Page 83 of Playing to Win

My cheeks burned.

“You and Mr. Mitchell are welcome to pursue a relationship, as long as you don’t break the fraternization rule. That means either he isn’t playing for our team, or you aren’t working for it.”

Kira’s eyes were wide and she looked at me in surprise.

Radner didn’t show any expression. “Any questions?”

I shook my head.

He rose to his feet. “Thank you for coming. Let me know how you decide to break things up. Just make sure he doesn’t need a reputation rehab after.”

* * *

Kiraand I were silent on the way down to her office.

She let me go in first, then shut the door before she moved behind her desk. “You okay?”

I nodded because I had to be. Radner had been very clear how I could keep my job. And what other options did I have? Newly retired women hockey players weren’t in great demand, and we didn’t make enough to have a retirement cushion to live on.

She leaned back in her chair. “I didn’t know you and Braydon had taken the fake out of fake dating.”

I shrugged. “It’s new. And I didn’t think making it real would be a problem. It would just be easier to sell it.”

Kira sighed. “Sorry, Jayna. But you said it’s new, so maybe it’s not as difficult to end it.”

Itwasnew, but I’d shared things with Braydon. He’d been the one who helped me when I found out I was losing hockey. Why couldn’t we just keep dating a little longer?

But that look on Radner’s face? He wasn’t budging. Did he think I’d decided to latch on to Braydon when I lost my own career? That I was a jersey chaser who wanted a hockey player to support me? Probably.

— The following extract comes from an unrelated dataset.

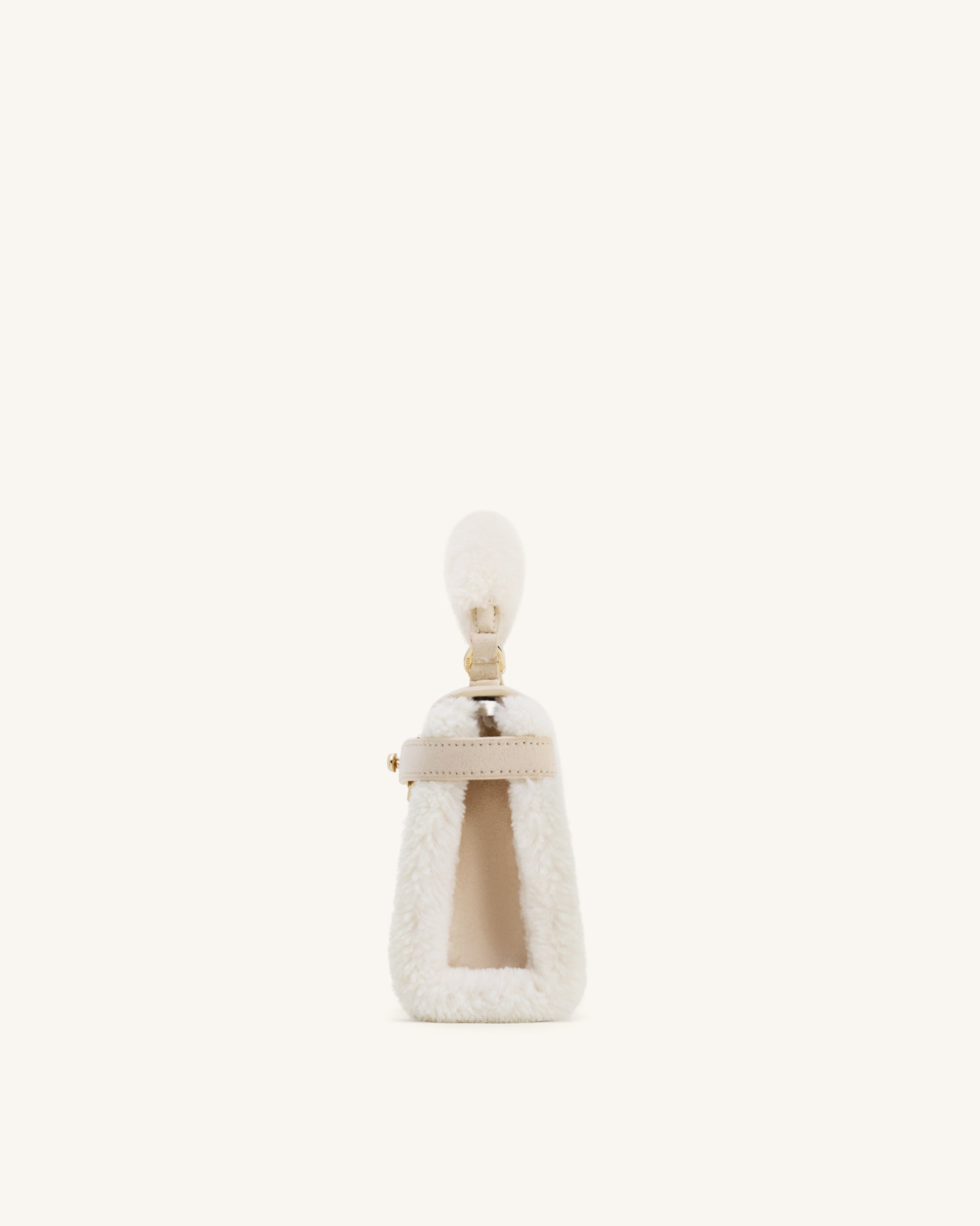 Mini sac chic et structuré en matière effet suède taupe. Détails en fausse fourrure douce sur la poignée supérieure et les côtés. Accessoires dorés pour une finition charmante. Polyvalent pour un port à la main ou en bandoulière.

I’d never change his mind. There were too many people out there, starting with my parents, who saw an NHL player as a bank account. A trophy to brag about.

I swallowed the lump in my throat and asked, “How are we going to spin this?” Because it was going to be a spin. Something that wouldn’t expose how the dating had started.

Kira tapped a pen on the desk. “The goal is for Mitchell to look good, right?”

I flinched. It didn’t matter if I looked bad.

Kira was staring over my head while she thought, so she missed my reaction. “We’ll publicly say you mutually agreed to part ways, but we need a narrative behind that, something we can hint at, because that answer is never enough.”

People wanted to know, and felt entitled to that personal information if you were in the public eye. We’d never discussed the details of how the fake dating would end, because it hadn’t had a timeline. And by next season, if we weren’t together when training camps opened, it wouldn’t get as much attention as it would now.

“Do you think they”—I jerked my head upward—“are ending this because I retired, or because they found out it wasn’t fake anymore?”

Kira blinked her attention back to me. “Does it matter?”

If it was my retirement, then I couldn’t have changed anything. If it was the other, then being discreet might have prevented this.

“That’s a good point though. We have to make sure no one thinks you and Mitchell split because you aren’t able to play anymore.”

Another flinch.

“Sorry, Jayna. That must still be difficult for you.”

Kira worked for a hockey team, but she’d never played. She had no idea of how difficult it was. “I’m dealing with it.”

She tapped the pen again. “Neither of you are relocating, so we can’t use that.”

“What about the truth? That I can’t date a player, since I’m not one.”